О вражде двух выдающихся ученых в назидание нам, младшим сотрудникам, рассказывал Уран Абрамович Гуральник, до начала 60-х Ученый Секретарь ИМЛИ, а в сталинские времена – секретарь ОЛЯ (Отделения языка и литературы). Называл он громкие имена соперников, я называть не буду: вражда и приемы борьбы типичны, склока светил, не угасая, шла по нормам и правилам времени. Обозначу научные величины, помня урок Арнольда, Х и Y.
Академик Х хотел получить Сталинскую премию, а член-корреспондент Y, входивший в Комитет по присуждению премий, мечтал стать академиком. X говорил: «Пока я жив, не быть ему академиком». Y: «Не получить ему премии, пока я жив». Труд академика выдвинули на соискание высшей награды, член-корр дал отзыв: «Не может не вызывать недоумения, что на Сталинскую премию выдвинут труд, противоречащий сталинским установкам». Премии не дали одному, звания академика – другому. Разбираться не стали, свара, только начнись, еще неизвестно, чем кончится, чья сторона окажется сильнее в схватке за чистоту сталинских установок.

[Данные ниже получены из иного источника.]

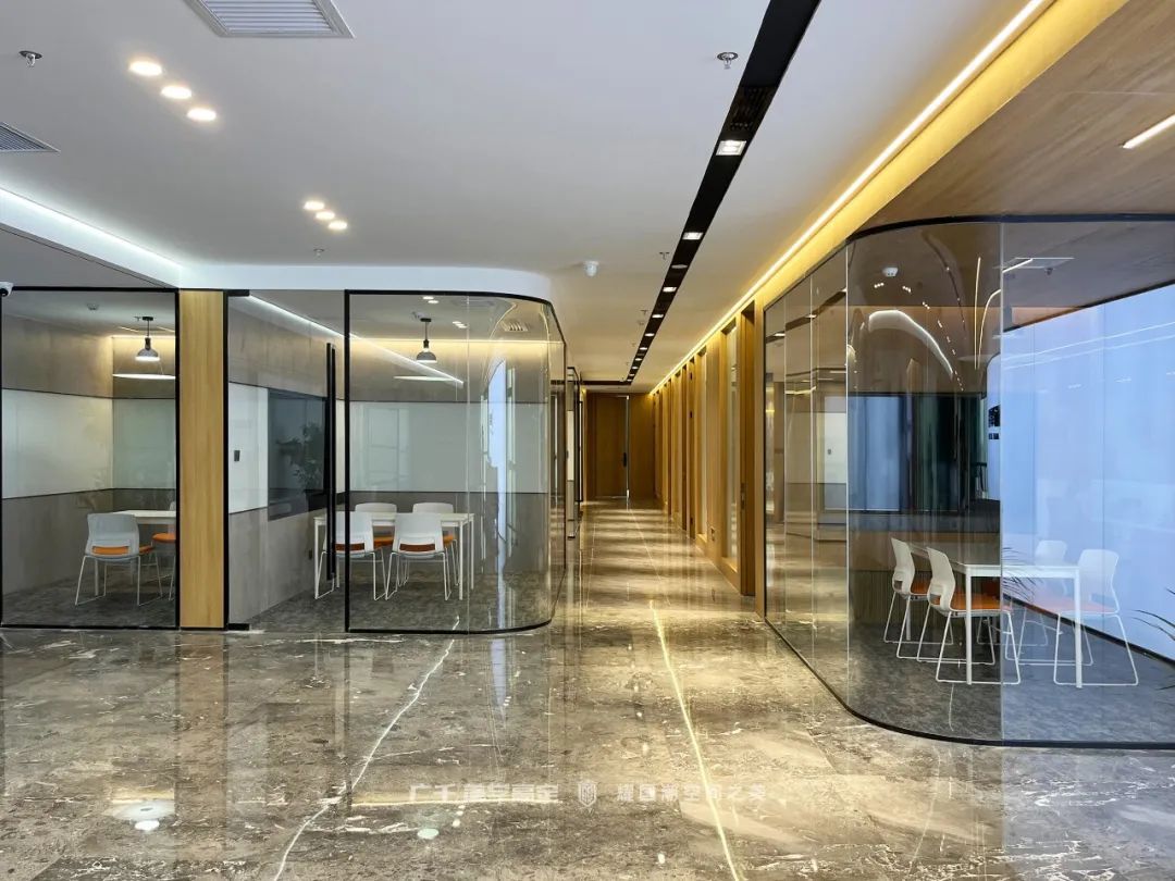 一個(gè)設(shè)計(jì)美觀大氣、時(shí)尚感十足的走廊不僅能提升整個(gè)辦公環(huán)境的檔次,更能提升來(lái)訪客戶對(duì)企業(yè)的好感。走廊的設(shè)計(jì)與整個(gè)空間合二為一,與其他區(qū)域建立了緊密的聯(lián)系。暖光色調(diào)的利用,使空間傳遞出濃濃的親和力,同時(shí)削弱了律所原有設(shè)計(jì)所呈現(xiàn)出的嚴(yán)肅莊重之感,為客戶呈現(xiàn)出簡(jiǎn)潔通透、時(shí)尚大氣的初印象空間。
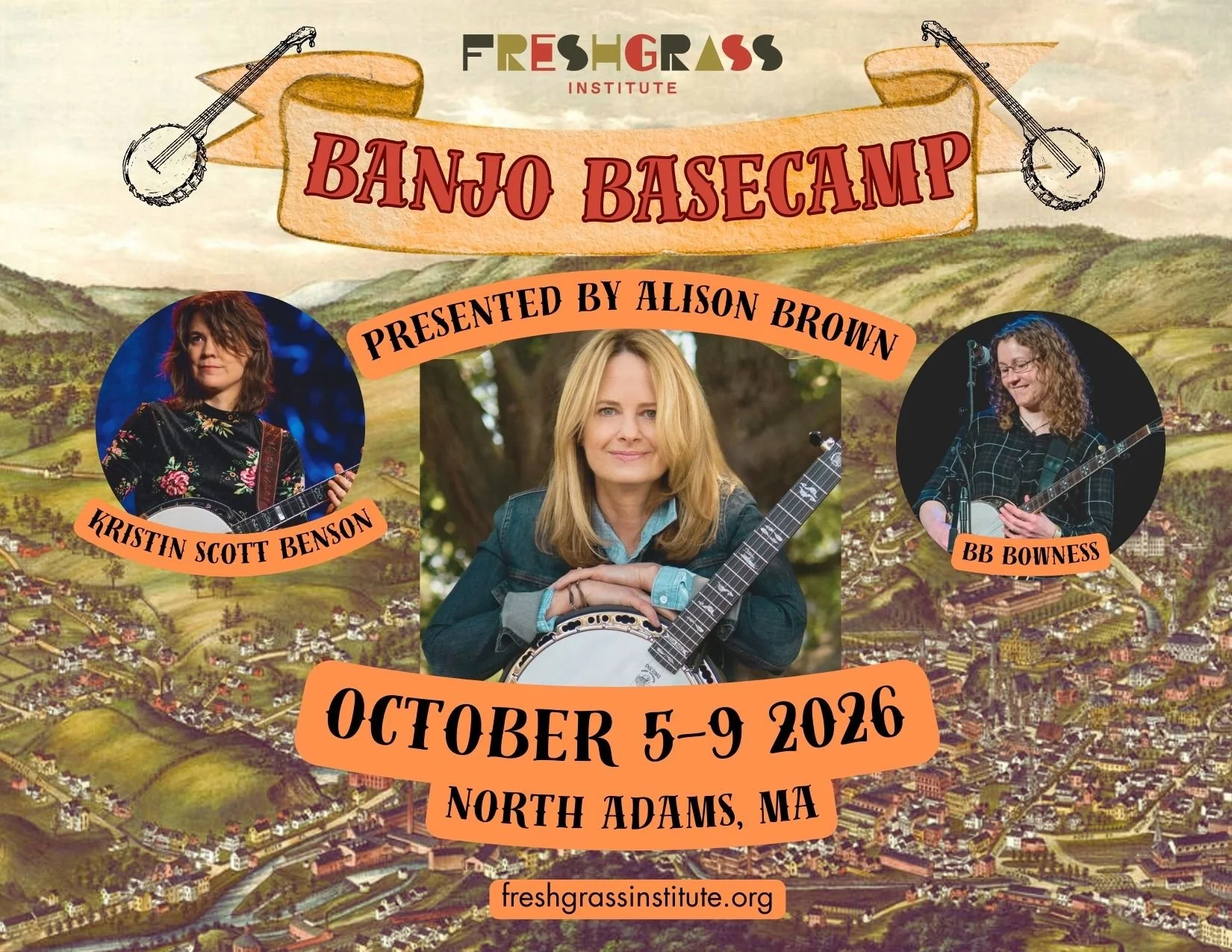 Calling all banjo players! The dates for this year’s Banjo Basecamp are Oct 5-9. We’ll be back at The Porches in North Adams, MA. Two of my favorite players are joining me again as co-instructors: Kristin Scott Benson and BB Bowness. Last year was fantastic; this year promises to be even better. Come up your banjo game in a nurturing and exclusive environment in the Berkshires at the peak of fall foliage season! Click on the button below to register.

Рассказывал Гуральник и о том, как в кругах академических произошла смена власти. Когда он был Ученым Секретарем ОЛЯ, то кабинет делил с академиком Мещаниновым. Крупнейший маррист, возглавлявший Отделение, по его словам, отличался усидчивостью и пунктуальностью: ни минуты не опаздывал на службу и отсиживал своё от звонка до звонка. И вдруг на глазах у Гуральника среди рабочего дня поднялся главный филолог из-за своего письменного стола и ушёл, удалился без единого слова, оказалось, безвозвратно.

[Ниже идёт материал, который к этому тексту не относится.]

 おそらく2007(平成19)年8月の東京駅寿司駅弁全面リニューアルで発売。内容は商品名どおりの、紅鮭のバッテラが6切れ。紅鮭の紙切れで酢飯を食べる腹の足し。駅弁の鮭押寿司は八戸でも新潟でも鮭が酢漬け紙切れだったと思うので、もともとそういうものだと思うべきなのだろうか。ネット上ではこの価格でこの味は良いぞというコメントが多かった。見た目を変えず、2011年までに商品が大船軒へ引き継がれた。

Всеми ему доступными мимико-риторическими средствами Уран Абрамович старался передать силу испытанного им потрясающего впечатления: солидный, выдержанный, пожилой, занимающий в своей области наивысшее положение учёный сановник встает и уходит. Можно подумать, в туалет пошёл, а он навсегда ушёл из сферы многолетней деятельности.
Гуральник говорил, что Мещанинов был вежлив, обходителен, а историки филологической науки установили, что он, находясь у научной власти, даже не подвёл под монастырь кое-кого, не считая тех, которые уже были подведены. Чего же он покинул поле боя? Услышал топот дальний и присмирел. Раздался ему зов, подобный крику солдат, ворвавшихся во дворец, чтобы арестовать Временное Правительство, или команда матроса, разгонявшего Учредительное собрание: «Кончилось ваше время». Кончилось время марристов, пришло время виноградовцев. Вождь проигравшей партии знал, как оно бывает, когда
«В языкознании приятие советских норм означало марризм, официально поддерживаемую лингвистическую доктрину».

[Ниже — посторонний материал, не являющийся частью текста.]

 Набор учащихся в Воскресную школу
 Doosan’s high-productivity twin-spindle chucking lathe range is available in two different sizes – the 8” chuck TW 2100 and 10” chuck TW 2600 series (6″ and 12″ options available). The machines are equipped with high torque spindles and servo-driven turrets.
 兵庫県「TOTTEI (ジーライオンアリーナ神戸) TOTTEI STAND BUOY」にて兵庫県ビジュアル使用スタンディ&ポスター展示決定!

В шестидесятых годах я услышал, что двоюродная сестра Бориса Пастернака, Ольга Фрейденберг, этнограф, предвосхитила современный структурализм и самого Леви-Стросса. «Предвосхитила», – так, без колебаний, сказал мне сведущий венгерский фольклорист Мартон Иштванович. За предвосхищение ей и попало? На такой вопрос Мартон ответа не знал, и чтобы им сказанное проверить, снял я трубку и по старой памяти позвонил профессору, читавшему нам в Университете курс лингвистики. Почтенный профессор ответил, однако не сразу. Попросил: «Одну минуту, я спрошу у жены».
Зачем же выдающийся знаток стал спрашивать чьего-то мнения, как бы считая нужным сделать сноску? Если бы речь шла о факте, специалист сразу бы ответил «да» или «нет», но таковы были времена, надо всем по-прежнему нависал давящий вопрос отошедшей эпохи: надо знать или не надо? Вопросы теории по-прежнему решались партийно по мере выяснения личных отношений: кого признавать или не признавать.
Пока ждал я ответа, в трубке, издалека, слышались голоса: «Леви-Стросс… Фрейденберг…» – шло деловое обсуждение, словно в штабе принималось решение, считать или же не считать, что предвосхитила.
Вернулся профессор к телефону и сказал по-прежнему вежливо, но твердо: «Нет, не предвосхитила». Так решили супруги-ученые.
Мой профессор считался нераскаянным сторонником Марра, а его жена, тоже лингвистка, пропагандировала «порочные теории Блюмфельда». Приверженность «порочным» взглядам сошла с рук языковедам-супругам. Другим попадало и за меньшие грехи – очередная тайна нашей советской истории. Марризм называют лингвистикой официальной, словно решение было принято в ЦК и Совете Народных Комиссаров, хотя как и почему так считалось, не выяснено. Но в книгах пишут: «Инспирированный верховной властью разгром марризма…» Власть разгромила ею же учреждённую доктрину? Лучше бы выяснить, кто кого инспирировал.